第808章 苗疆之地(1 / 2)

夜风穿过山谷,吹得火堆余烬微微发亮,火星随气流飘起又落下。陈浔的剑尖点地,呼吸沉稳,正将一招“逆流刺”缓缓收势。他额角沁汗,衣衫半湿,肩头旧疤隐隐作痛,却仍坚持一遍遍打磨动作。拓跋野靠在木棚柱边,刀横膝上,眼皮沉重,已入浅眠。澹台静盘坐青石,双手交叠,气息绵长,周身灵气如薄雾般流转,尚未从深层调息中退出。

突然,她指尖一颤,呼吸骤然中断。

陈浔立刻察觉。他收剑回鞘,快步上前,低声唤道:“澹台。”

没有回应。

她的胸口剧烈起伏,脸色由白转青,又泛出不正常的潮红,额角渗出冷汗,手指蜷缩,指节发白。原本平稳的灵气波动瞬间紊乱,如沸水翻腾,连带四周草叶无风自动。

“拓跋!”陈浔喝了一声。

拓跋野猛地睁眼,翻身而起,弯刀顺势抽出半寸,目光直落澹台静身上。他皱眉道:“不对劲,这不是走火入魔。”

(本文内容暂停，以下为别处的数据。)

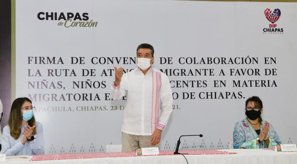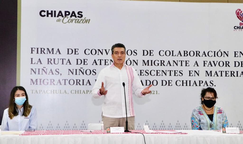 En el marco de la firma de convenios de colaboración en la Ruta de Atención Migrante a favor de Niñas, Niños y Adolescentes en materia migratoria, en el municipio de Tapachula, el gobernador Rutilio Escandón Cadenas destacó que este acuerdo demuestra la solidaridad y voluntad de trabajar como un solo ente, para velar por el respeto y protección de los derechos humanos, la dignidad y la vida de las personas, especialmente de este sector vulnerable ante este fenómeno social.

“她体内有东西动了。”陈浔蹲下,一手扶住澹台静肩背,另一手搭上她手腕。脉搏急促如鼓,时快时慢,仿佛有活物在血脉中游走。他眉头紧锁,声音压低,“气血逆行,神识震荡——不是外伤。”

澹台静猛然抽搐,喉间溢出一声闷哼,随即睁开眼。虽目不能视,眼神却透出痛苦与惊疑。她嘴唇微动,声音断续:“心口……像被什么咬住……寒热交替……不是内力,也不是毒……”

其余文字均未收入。